From Jakarta to Data: Automating the Perfect View with VenueAnalyst
What started as a design studio project for a floating, flood-resistant stadium in Jakarta quickly evolved into a computational challenge: How do we prove a stadium actually works for the fans? While many architects focus on generating new forms from scratch, the reality of the industry is often about analyzing and retrofitting existing venues.
In modern sports architecture, the “C-Value” is the definitive metric for fan experience. However, calculating this clearance across thousands of seats traditionally requires heavy local processing and manual oversight.
VenueAnalyst bridges this gap by transforming complex parametric logic into a cloud-based web application.
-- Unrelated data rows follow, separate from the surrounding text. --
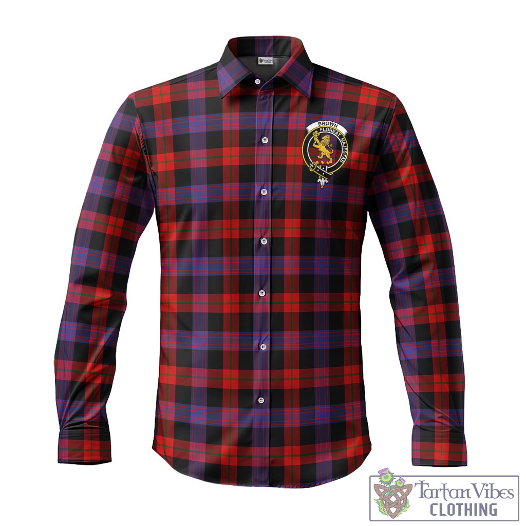 Brown (Broun) Tartan Long Sleeve Button Up Shirt with Family Crest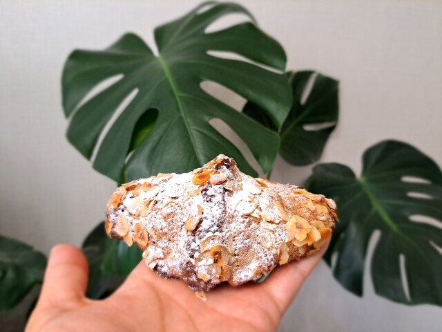 クロワッサン生地にヘーゼルナッツのプラリネ。ヘーゼルナッツクリームをたっぷりと。ヘーゼルナッツのコクがしっかり感じられるお菓子パン。唸る仕上げではないが、上質な味わい。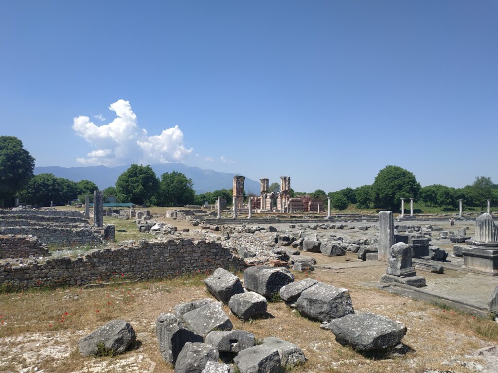Ticket pris, on parcours les vestiges de cette cité fortifiée, au pied d’une acropole située sur l’ancienne route reliant l’Europe à l’Asie, la Via Egnatia. Elle a été édifiée en 356 av. J-C. par le roi macédonien Philippe II, la ville s’est ensuite développée comme une « petite Rome », avec l’Empire romain.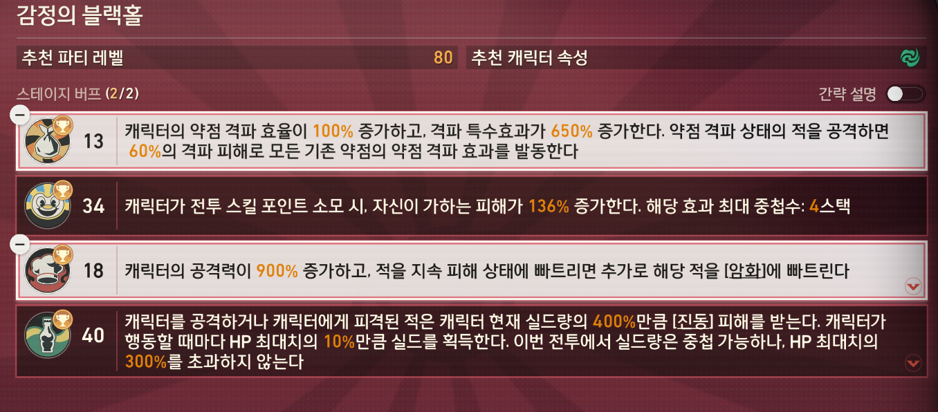 그외 적들이 제어불가 디버프를 간혹 사용하기 때문에 서포터로 디버프 해제에 효과적인 캐릭터를 데려가기를 추천한다.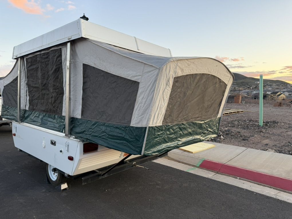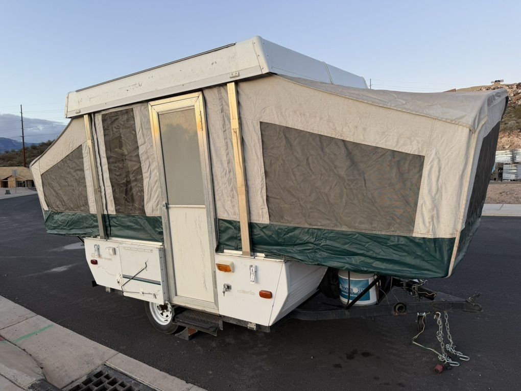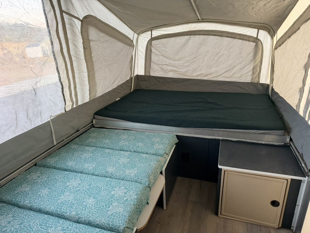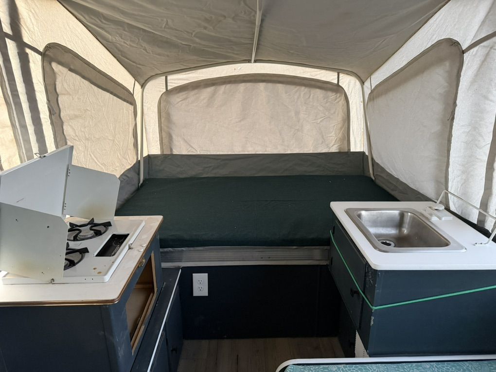 Has stove, heater, ice box, dining table, and sink. Sleeps up to 6 with 3 sleeping areas. Message me with any questions.

The Heart of the Analysis: The C-Value
The C-Value is the vertical clearance between a spectator’s eyes and the sightline of the person sitting directly in front of them. It is the definitive metric for “quality of view.” Following FIFA and international standards, we aim for the “sweet spot” of 120mm for an excellent experience. Anything below 60mm? You’re essentially paying to watch the back of someone’s head

The Tech Stack: From Rhino to the Web
To make VenueAnalyst accessible and scalable, the project utilizes a modern AEC tech stack:
- Vue.js: The frontend framework used to build a clean, minimalistic user interface. It allows users to upload
.3dmfiles and adjust parameters—like eye height and focal points through a reactive dashboard. - Rhino Compute: The “brain” of the operation. By hosting the Grasshopper logic on a headless server via Rhino Compute, we can run complex
C-Value calculations in the cloud without requiring the user to own or open Rhino. - GitHub: Serving as the version control and deployment backbone, ensuring the codebase is modular and scalable.

Solving the Computational Bottleneck
Building a tool that can analyze thousands of seats across complex, non-uniform geometry required more than just standard Grasshopper components.
The technical workflow for VenueAnalyst relies on a “Triple Threat” of computational logic:
- Python Geometry Extraction: The app uses a custom Python script to automatically sort through Rhino files, hunting for specific layers—like “Main,” “Side,” and “Corner”, to ensure the right geometry is fed into the analysis pipeline.
- Custom C-Value Clusters: We developed a specialized cluster that calculates real-time sightlines relative to dynamic focal points, whether the venue is hosting Basketball, Tennis, or Boxing.
- The Anemone Loop (The Secret Sauce): Processing an entire stadium at once is a massive computational drain that can crash standard scripts. To solve this, VenueAnalyst utilizes an Anemone loop. This allows the script to cycle through the stadium stand-by-stand, sequentially calculating data and stitching it back together into a single, unified heat map.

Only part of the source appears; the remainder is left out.